Regarding followRedirect, it means that the engine will automatically reissue requests when receiving a 30X response status code, until getting a non 30X one. So yes, you get let requests in your scenario when using followRedirect.
2012/5/4 David T <email@example.com>
Basically my main concern is not that some calls were not recorded,
but if there is function/method I can use to pull all embedded
resources for the page?
Thank You for helping me with this.
The response is no.
You have to define every request in your scenario, so the best way is to record them with the recorder.
2012/5/5 David T <firstname.lastname@example.org>
What do you think about supporting extraction and retrieval of just
the embedded resources defined in the html response with no evaluation
Do you know if this approach is much more expensive than:
1. checking the response meets expectations via regex/xpath
2. continue on and issue the expected hard-coded requests
note: I work with David, and this topic came up in a discussion about
creating and maintaining gatling simulations efficiently. Clearly,
there is a runtime cost to fetching embedded resources, but I haven't
quantified it for myself yet. From our team's perspective, the
runtime cost is less important than the maintenance cost of keeping
simulations aligned with the real world, which we generally don't have
To that end, I was thinking of implementing the equivalent of JMeter's
'Retrieve all embedded resources" feature for http requests:
JMeter's implementation retrieves embedded:
* external scripts
* frames, iframes
* background images (body, table, TD, TR)
* background sound
If there is not a philosophical or architectural problem with adding
this feature, I would like to attempt it and see if and how it works
out. I understand that gatling is designed to be different from tools
like JMeter and WebLoad and so that if the feature cannot scale and
perform, then it won't make it into the official codebase.

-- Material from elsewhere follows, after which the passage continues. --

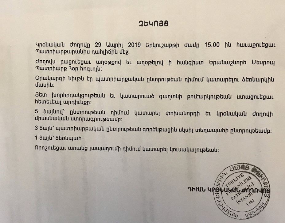 Ruhani Kurul Başkanı Episkopos Maşalyan da Patrik Kaymakamı ile sürecin yürütülmesi gerektiği görüşünü dile getirmişti.
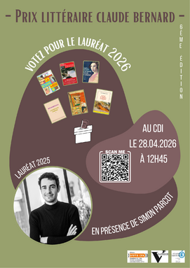 Prix littéraire Claude Bernard, bientôt le lauréat 2026 ! Rendez-vous le mardi 28 avril à 12h45 au CDI

The dsl would look something like:
.check(status.in(List(200 to 210)))
retrieveEmbeddedResources retrieves all embedded resources by default,
but also takes an optional whitelist of regexes for filtering the
resource requests. retrieveEmbeddedResources might also need a
facility for specifying checks.
First of all, thanks for the pull requests.
Static resources retrieving raises a lot of questions:
- Why fetch them? It’s quite common that those are served by a cache or a CDN, so performance might only be an issue from a network or browser perspective.
- Real world behavior depends on cache headers and browser cache content. How will your solution behave? Have a conservative approach where users would have an empty cache? Would it support caching and cache expiration?
- Gatling current workflow is a sequence. It means that we have yet to implement a workflow where resource get fetched with a scatter/gather strategy. See https://github.com/excilys/gatling/issues/431. I have a solution in mind that would spawn actors for each scatter/gather execution. Your solution should be based on this mechanism, otherwise, your static resources will be fetched one after another, and that’s not real world behavior.
- What would the reports look like? Like with follow redirect support: “Request name, resource 1”, “Request name, resource 2”, etc…?
2012/5/6 Stephen Kuenzli <email@example.com>
You’re welcome for the minor fixes. Thank you for creating such a nice tool. It is a credit to yourself and the team that gatling is maintainable, powerful, efficient, and scalable.
You raise some good questions and some answers are not clear-cut:1. Why fetch embedded assets?
a) Large assets can sneak into the source repo and content management systems and kill performance. Alternatively, the repo and all CMSes could guard against this problem on submit instead of writing tests to check for the problem.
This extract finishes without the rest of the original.